Al menos dos desconocidos participaron en el robo, perpetrado en una iglesia situada a pocas manzanas del Vaticano, de varias estatuillas de una mujer embarazada, regaladas a principios de este octubre al papa Francisco por indígenas de la Amazonía. Labradas en madera, las figuras fueron arrojadas a un río a manera de ‘advertencia’ contra la adoración de imágenes no católicas. Todo el proceso fue filmado, aparentemente temprano en una mañana, y el video se publicó este 21 de octubre en LifeSite News, sitio ultraconservador, según lo define AP.

En la grabación se puede observar a un hombre de camisa blanca que se levanta de los bancos de la iglesia de Santa Maria in Traspontina, de Roma (Italia), y acompañado por otro que lo sigue con la cámara, saca fuera del templo las estatuillas, que al decir de estos católicos ultraconservadores representa a una diosa de la fertilidad, la Pachamama, reverenciada en particular en el altiplano andino.

Los individuos llevaron las estatuas a un puente sobre el río Tíber y a continuación las arrojaron a sus aguas.

El sitio web cita el manifiesto del organizador de esa iniciativa, que, dice: «se hizo por una sola razón: la religión católica y sus fieles están siendo atacados por miembros de su propia Iglesia».

¿Un regalo «pagano» al papa?

A principios de este mes, el papa Francisco recibió dichas piezas artísticas y religiosas como un regalo de líderes indígenas amazónicos, que participaron en una ceremonia de plantación de árboles en los jardines del Vaticano.

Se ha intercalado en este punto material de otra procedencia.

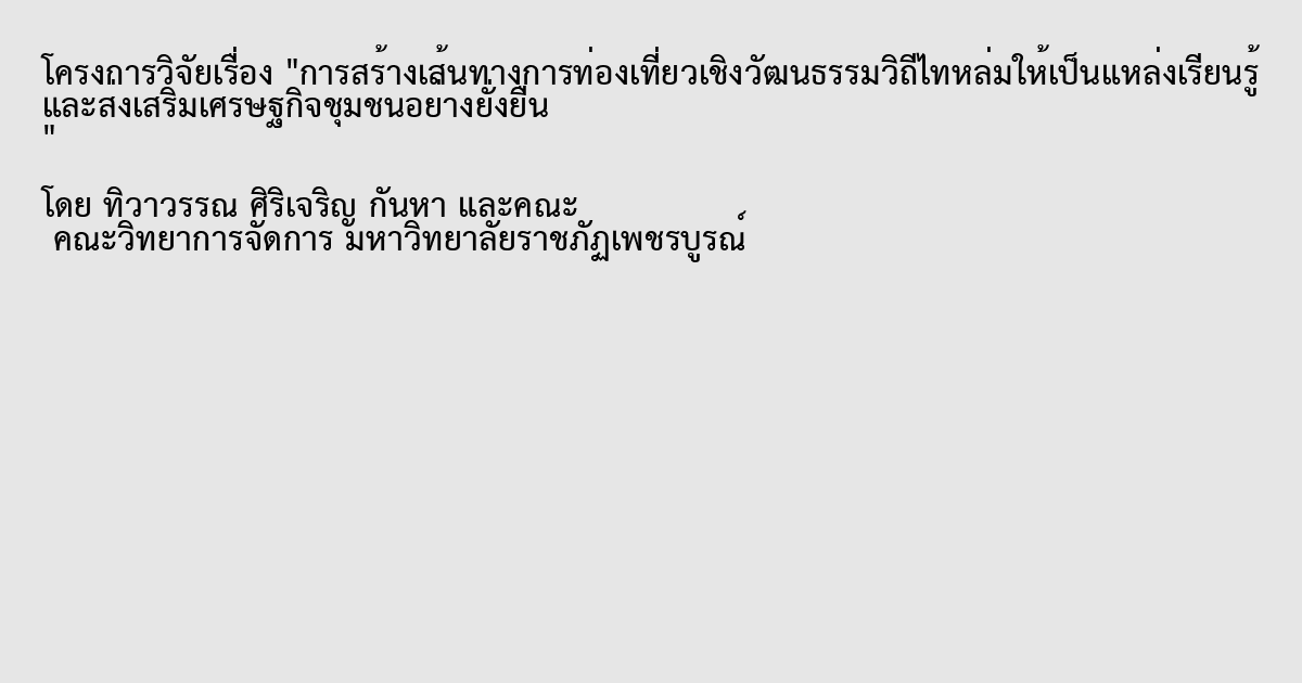 The researcher classified the group and the importance of designing the cultural tourism element route of Thai-Lom Lifestyles into 6 key characteristics, which were ethnic, historical and ancient monument, architecture, cultures and folk cultures , Lifestyle and wisdom folkway for participatory action. Research has found that the representatives agree on the development of Cultural-based Tourism Route of Thai-Lom Lifestyles because they can gain benefits from Cultural-based Tourism Route including the possibilities that they can take part in supporting the culture heritage conservation and appreciation. The researcher applied the data to designed - tourism route, the experiment result, route testing, and real-location route to establish a tourism route which an establishment of travelogue named “Thai Lom - a quiet and Charming town” It’s a one-day trip which easy to travel and get information, destination and to do the activities according to tourist’s interests.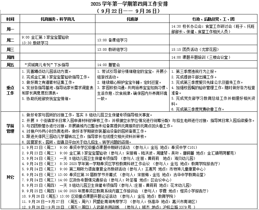 2025学年第一学期第四周工作安排( 9月22日—— 9月26日)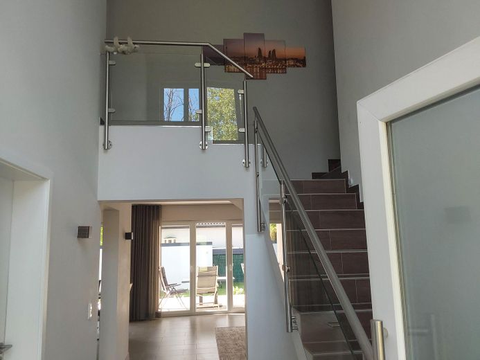 Großzügiges modernes, lichtduchflutetes Einfamilienhaus, auch zur Teilgewerblichen Nutzung geeignet. Das Haus verfügt über 5 Zimmer, eine große Terrasse ca. 40 qm, eine Garage und sechs weitere PKW-Stellplätze sind vorhanden. Separates Balkon in OG, erreichbar über Schlaf und Kinderzimmer.

Para el pontífice, según el sitio web Vatican News, fue una oportunidad para pronunciar un sermón sobre el cambio climático, con referencias a los árboles plantados en «la tierra de la Amazonía […] bañada en la sangre de los que han muerto luchando contra su destrucción».

Como parte de la ceremonia, una mujer, que llevaba su vestido ritual, entregó al sumo pontífice las estatuas, que muestran a una indígena embarazada y semidesnuda. A pesar de que, de acuerdo con el Vaticano, estas piezas representan un símbolo de la vida, la actividad en sí misma desencadenó una lluvia de críticas por parte de ciertos sectores católicos. Así, el padre Gerald Murray, experto canonista que presenció el acto, lo tachó de «ceremonia religiosa pagana» y además «horrenda».

Ya antes del robo, el sitio LifeSite News había publicado una petición en línea para eliminar esas figuras de las iglesias católicas. La solicitud había reunido más de 16.000 firmas para el momento en que los fanáticos ladrones decidieron actuar por su cuenta.

Entre tanto, la Policía local aborda el incidente como un robo.